Oil prices jumped yesterday as OPEC nations moved towards extending daily oil output caps that help the price of crude rise strongly this year. Ministers from the 14-nation Organization of the Petroleum Exporting Countries (OPEC) were meeting in Vienna yesterday to discuss output, before gathering a day later for OPEC+ -- which is a grouping of 24 oil-producing countries that includes Russia and accounts for almost half of global crude.

“Everyone supported the proposition to extend for nine months the limits agreed in December,” Novak said after a gathering of oil ministers and before the cartel’s main meeting later Monday. OPEC and its oil-producer allies had decided in December to trim daily crude output by 1.2 million barrels after prices  tanked at the end of last year on fears of slower global growth. This helped crude  prices jump by a third in the first quarter of the year, boosting revenue for oil producing nations, but the deal ran only through to the end of June.

Russian President Vladimir Putin and Saudi Arabia grabbed the headlines on Saturday with an agreement to extend the deal, which has helped soak up extra supplies on the market. Putin announced that the pair agreed on the sidelines of the G20 in Osaka on an extension of between six and nine months. The news sent New York oil prices shooting above $60 per barrel on Monday for the first time since May, with sentiment also buoyed by rising global equities after Washington and Beijing agreed to restart trade talks. 

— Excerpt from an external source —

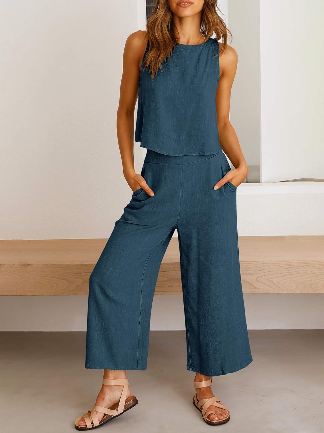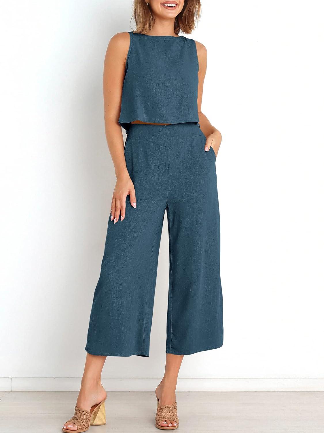 ANRABESS Women's Summer 2 Piece Outfits Sleeveless Crop Top Capri Wide Leg Pants Jumpsuit Linen Lounge Beach Travel Sets(Deep Blue)

In afternoon deals, West Texas Intermediate crude for August delivery stood at $60.17, up 2.9 percent in value. However, the Russian-Saudi deal news sparked consternation among some major oil players, despite the fact that there is widespread support for an extension. Nigeria’s delegation chief meanwhile played down talk that Riyadh and Moscow were “ganging together” in a deal that could potentially herald the death of OPEC. “I  wouldn’t agree that OPEC is dying,” said Dr Folasade Yemi-Esan, Permanent Secretary at Nigeria’s Ministry of Petroleum Resources.

“If 24 countries are committed to working together, if those countries are still committed to this cooperation, I don’t see how death is coming.” United Arab Emirates Energy Minister Suhail al-Mazrouei also voiced his support for an extension -- but stressed that any nation could still veto the Osaka agreement.

“Each country’s voice counts and each country can veto a decision,” Mazrouei stated. Saudi Arabia’s energy minister Khalid al-Falih, arriving in Vienna early on Sunday, declared that he wanted the cutbacks which began in January to be extended by nine more months to March 2020.